Signal reconstruction from nonideal samples on shift-invariant spaces

Abstract

This dissertation handled sampling theorems for nonideal samples on shift-invariant spaces: irregular sampling and consistent sampling.

For irregualr sampling, let $V(\phi)$ be a shift invariant subspace of $L^{2}(\mathbb{R})$ with a Riesz or frame generator $\phi(t)$. We take $\phi(t)$ suitably so that the regular sampling expansion : $f(t) = \sum\limits_{n\in \mathbb{Z}}f(n)S(t-n)$ holds on $V(\phi)$. We then find conditions on the generator $\phi(t)$ and various bounds of the perturbation $\{ \delta _n \}_{n \in \mathbb{Z}}$ under which an irregular sampling expansion \begin{equation*} f(t)=\sum_{n \in \mathbb{Z}} f(n+ \delta_n)S_n(t) \end{equation*} holds on $V(\phi)$.

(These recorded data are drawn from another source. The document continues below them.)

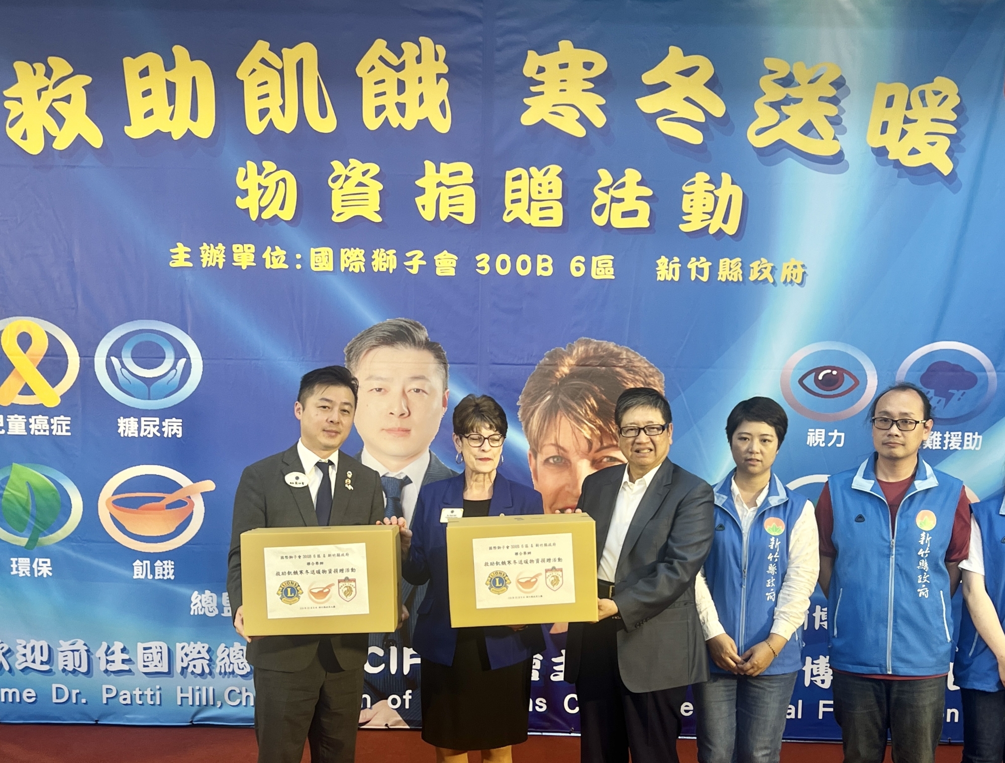 新竹縣長楊文科表示,感謝前任國際總會長、LCIF基金會主席Dr. Patti Hill蒞臨見證捐贈活動,歲末寒冬時收到這些愛心物資非常溫暖,將陸續送至縣內120戶弱勢家庭。他同時很佩服LCIF基金會主席Dr. Patti Hill,其擔任國際總會長時,在國際上做了許多捐贈公益,非常了不起。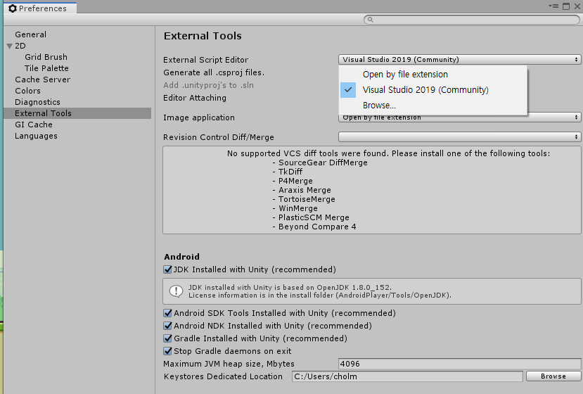 * 혹시 그래도 안되면 환경 설정에 비쥬얼 스튜디오가 설정 되어 있는지 확인해보세요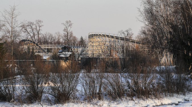 The remains of the "Raging Wolf Bobs" roller coaster.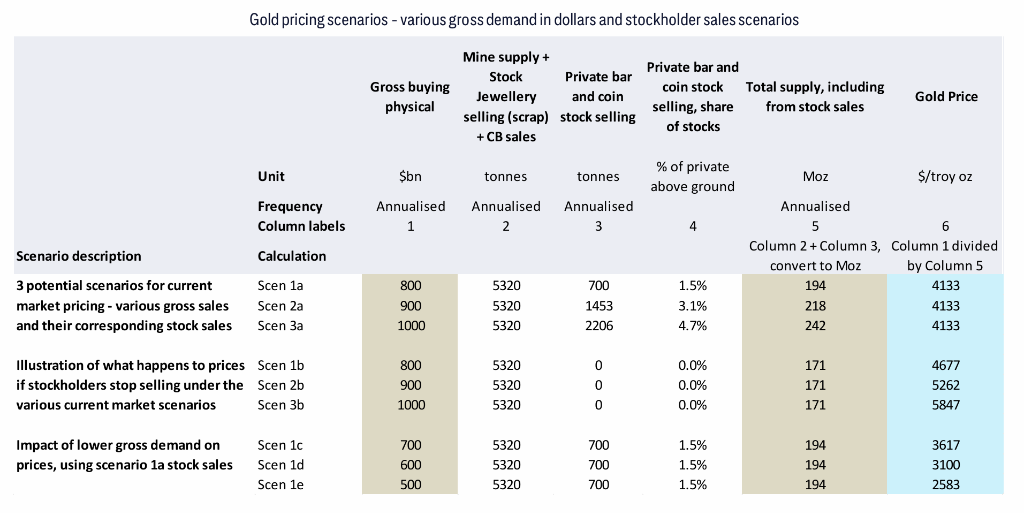 花旗还用情景表格把“同一价格可以由不同组合解释”讲透:在不同的买金总支出与不同的存量抛售比例组合下,可以推导出相同的金价水平;而一旦存量持有人停止抛售,在相同买金支出假设下,推导的金价会明显跳升(花旗给出的对应水平从约4677美元/盎司一直到约5847美元/盎司)。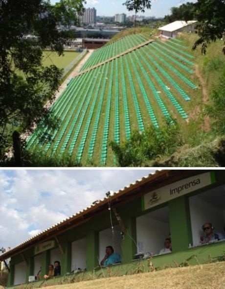 間圭托·馬陸賽利(JanguitoMalucelli)球場是巴西的第一座生態友好型體育場。在這里,觀眾并不是坐在金屬材料打造的看臺上,而是坐在山坡的一排排座椅上。體育場使用的所有木料都是通過回收得來,目的就是避免森林砍伐。此外,整座體育場在建造中沒有使用一滴混凝土。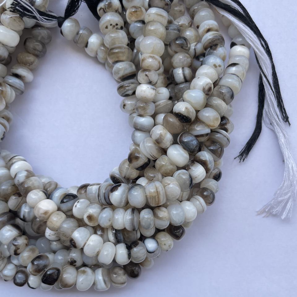 Material:Natural Banded Black White Sard Onyx Smooth Rondelle Beads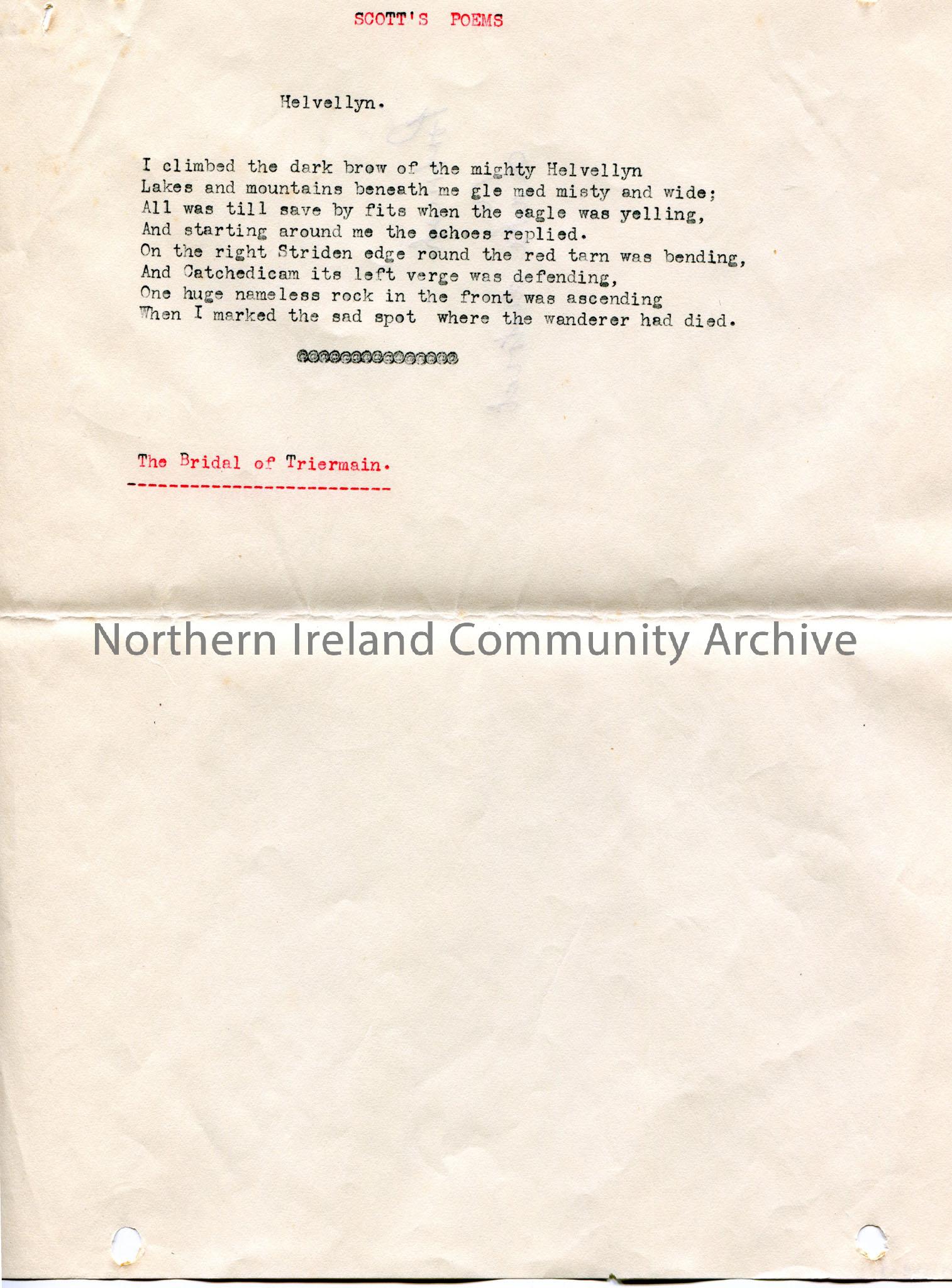 Page 7 of 7 of typed notes re lecture titled, 'The English Lakes' at Portrush on 15th February 1935. Typed page titled, 'Scott's Poems'. One poem titled, 'Helvellyn'.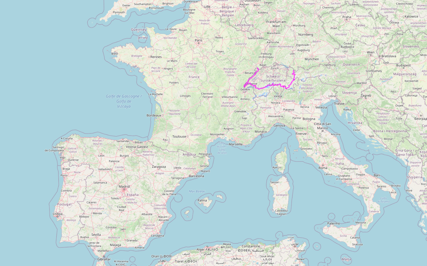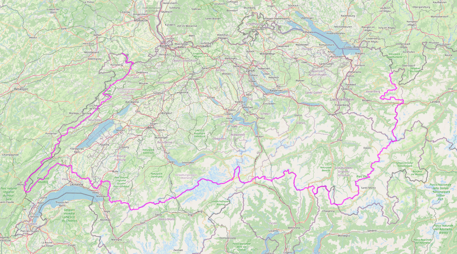알프스 대간은 스위스에서 이탈리아 국경을 걸치고 다시 스위스로 들어왔다가 오스트리아를 지나 독일과의 국경에서 끝난다. 알프스 산맥을 동서로 관통하는 그야말로 유럽의 지붕이라 할 수 있다.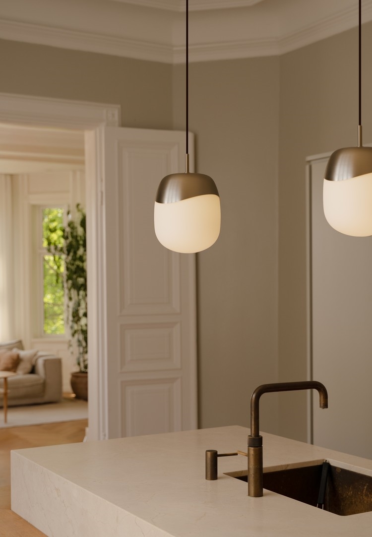 Lampa wisząca Spring tworzy spokojną atmosferę i ma rzeźbiarski charakter. Lampa łączy miękkie formy z wyrazistymi materiałami i została opracowana tak, aby zapewniać przyjemne, nastrojowe światło w domu. Projekt równoważy prostotę i charakter dzięki kontrastowi między kloszem z opalowego szkła a eleganckim zawieszeniem i detalami z mosiądzu. Efektem jest wyrafinowana, rzeźbiarska lampa wisząca o niemal unoszącym się wyglądzie, która stanie się naturalnym punktem przyciągającym wzrok we wnętrzu.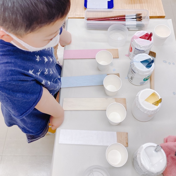 ひとしきり万華鏡の制作を楽しんだ後は、来週以降の絵画制作のために大きな板をペイントする工程がありました。それぞれ使いたい色の絵の具をひとつ選びます。

We also consider the approximate consistent sampling process in the space $L^2(\mathbb{R})$ of signals of finite energy. The consistency means that the original signal and its approximation have the same measurements. We assume that sampling and reconstruction functions $\{\psi_i\}_{i=1}^M$, $\{\phi_j\}_{j=1}^N$ are given as Riesz generators and the measurements $\{\langle f(t),\psi_i(t-qk)\rangle |1\leq i \leq M, k\in\mathbb{Z}\}$ are given as inner-products between the input signal and the sampling functions with rational sampling rate $q=\frac{m}{n}$. We then find an approximation in the reconstruction space $V(\Phi)$, the shift-invariant space generated by the reconstruction functions, which is consistent with the input signal. We also discuss some relevant properties such as the performance analysis of the consistent approximation.